(Given information):
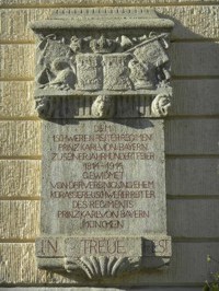 München (Prinz-Leopold-Kaserne: 1. Schwere-Reiter-Regiment), Oberbayern, BayernZementplatte an der Seite der ehemaligen Prinz-Leopold-Kaserne. Römisch/Griechische Helme, Brustpanzer und die Bayerische Krone über drei Löwenköpfen (ohne Namen).
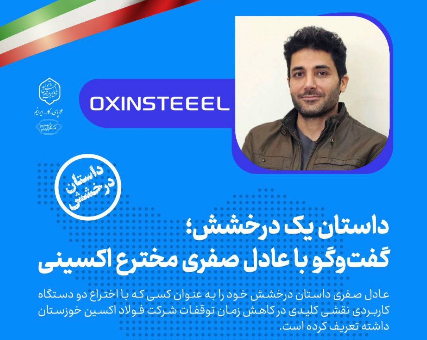 عادل صفری داستان درخشش خود را به عنوان کسی که با اختراع دو دستگاه کاربردی نقشی کلیدی در کاهش زمان توقفات شرکت فولاد اکسین خوزستان داشته تعریف کرده است.
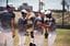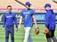 カージナルスとの試合前、キャッチボールを終えて笑顔を見せるドジャースの大谷翔平(中央)=2024年3月29日、アメリカ・ロサンゼルス
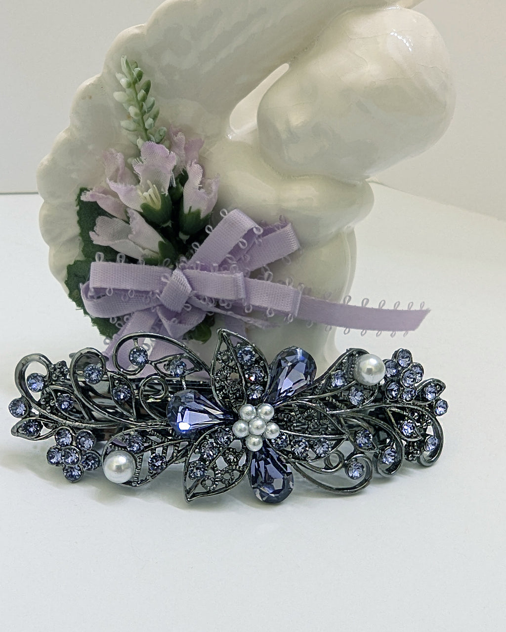The fancy hair barrette possesses an elven charm with a playful design of antique silver toned leaves and flowers and several crisp Tanzanite Swarovski crystals. With the allure of diamonds, Swarovski Crystals are made in Austria and are the highest quality lead free glass-cut crystals on the market, with extra facets and gold foiling for outstanding brilliance and sparkle.

(Aim of the task): Omit the pictures and output all remaining material exactly.

(Solution to this problem):
 München (Prinz-Leopold-Kaserne: 1. Schwere-Reiter-Regiment), Oberbayern, BayernZementplatte an der Seite der ehemaligen Prinz-Leopold-Kaserne. Römisch/Griechische Helme, Brustpanzer und die Bayerische Krone über drei Löwenköpfen (ohne Namen).
 عادل صفری داستان درخشش خود را به عنوان کسی که با اختراع دو دستگاه کاربردی نقشی کلیدی در کاهش زمان توقفات شرکت فولاد اکسین خوزستان داشته تعریف کرده است.
 カージナルスとの試合前、キャッチボールを終えて笑顔を見せるドジャースの大谷翔平(中央)=2024年3月29日、アメリカ・ロサンゼルス
The fancy hair barrette possesses an elven charm with a playful design of antique silver toned leaves and flowers and several crisp Tanzanite Swarovski crystals. With the allure of diamonds, Swarovski Crystals are made in Austria and are the highest quality lead free glass-cut crystals on the market, with extra facets and gold foiling for outstanding brilliance and sparkle.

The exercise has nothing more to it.